Second Bi-monthly Monetary Policy Statement, 2014-15 By Dr. Raghuram G. Rajan, Governor, RBI - 3rd June 2014
2. Since the first bi-monthly monetary policy statement of April 2014, global activity is evolving at different speeds. A broad-based strengthening of growth is gaining traction in the US and the UK, after a moderation in the first quarter of 2014 due to adverse weather conditions. However, in the euro area, recovery is struggling to gather momentum. The pick-up in sales in Japan in anticipation of the consumption tax hike has been followed by a sharp fall in consumer spending. Growth in coming quarters will depend on all three “arrows” being put in play. Structural constraints continue to impede growth prospects in emerging market economies (EMEs), with concerns about the slowdown in China as its economy rebalances. Financial markets across the world still remain vulnerable to news about the impending normalisation of interest rates in some developed economies, even as some valuations appear frothy.
3. Lead indicators point to continuing sluggishness in domestic economic activity in the first quarter of 2014-15. The outlook for agriculture is clouded by the meteorological department’s forecasts of a delay in the onset of the south-west monsoon with a 60 per cent chance of the occurrence of El Nino. The ongoing contraction in the production of consumer durables and capital goods, coupled with moderation in corporate sales and non-oil non-gold imports, is indicative of continuing weakness in both consumption and investment demand. The decisive election result, together with improved sentiment should, however, create a conducive environment for comprehensive policy actions and a revival in aggregate demand as well as a gradual recovery of growth during the course of the year.
4. Retail inflation measured by the consumer price index (CPI) increased for the second consecutive month in April, pushed up by a sharp spike in food inflation, especially in the prices of fruits, vegetables, sugar, pulses and milk.

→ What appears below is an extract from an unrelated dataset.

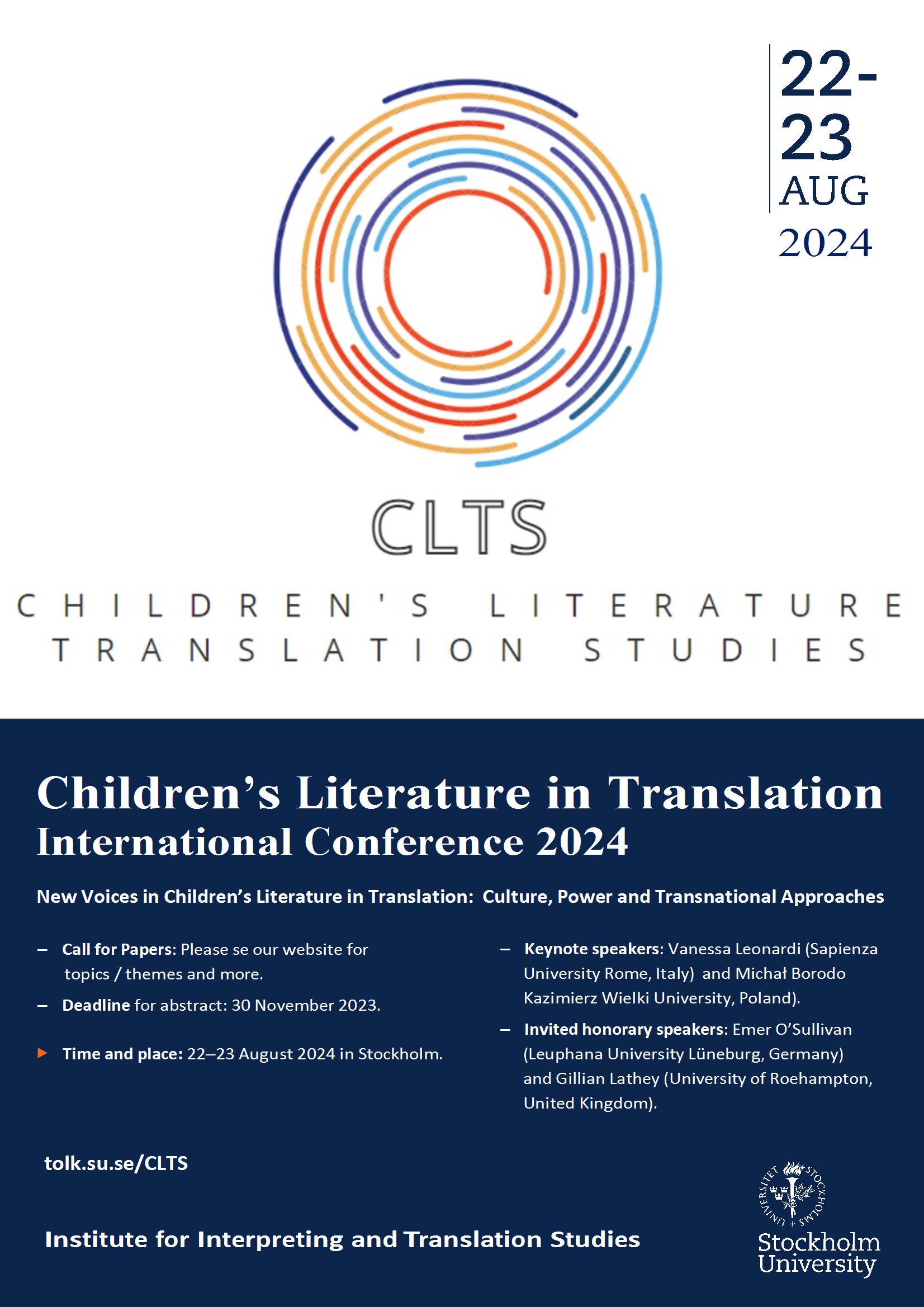 The International Conference in Children’s Literature and Translation Studies (CLTS) is taking place from the 22nd - 23rd of August 2024 in Stockholm under the theme:

CPI inflation excluding food and fuel has moderated gradually since September 2013 although it is still elevated.
5. For the year 2013-14 as a whole, India’s current account deficit (CAD) narrowed sharply to 1.7 per cent of GDP, primarily on account of a decline in gold imports, although other non-oil imports also contracted with the weakening of domestic demand, and there was some pick-up in exports. In April 2014, the trade deficit narrowed sharply due to resumption of export growth after two consecutive months of decline, and the ongoing shrinking of import demand. Robust inflows of portfolio investment, supported by foreign direct investment and external commercial borrowings, kept external financing conditions comfortable and helped add to reserves.

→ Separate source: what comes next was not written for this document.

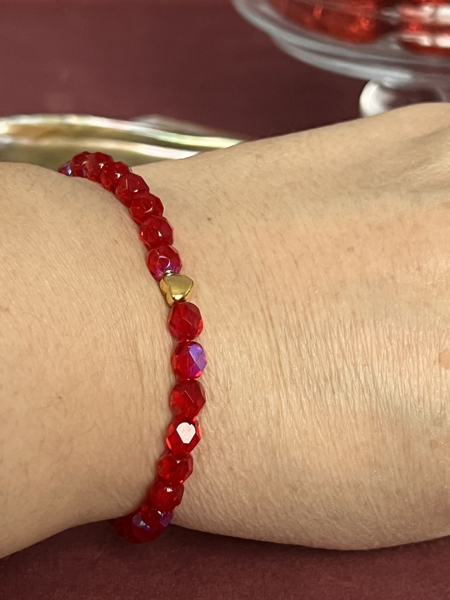 Bracelet perles facettées rouges et son intercalaire coeur en acier inoxydable.

6. With the unwinding of year-end window dressing, the corresponding decline in the size of excess CRR holding of banks as well as the sharp decline in Government cash balances with the Reserve Bank as a result of Government expenditure, liquidity conditions improved significantly in April and May 2014. The average daily access to liquidity from the LAF and term repos during this period has been close to 1.0 per cent of NDTL. The Reserve Bank will continue to monitor liquidity conditions and will actively manage liquidity to ensure adequate flow of credit to the productive sectors.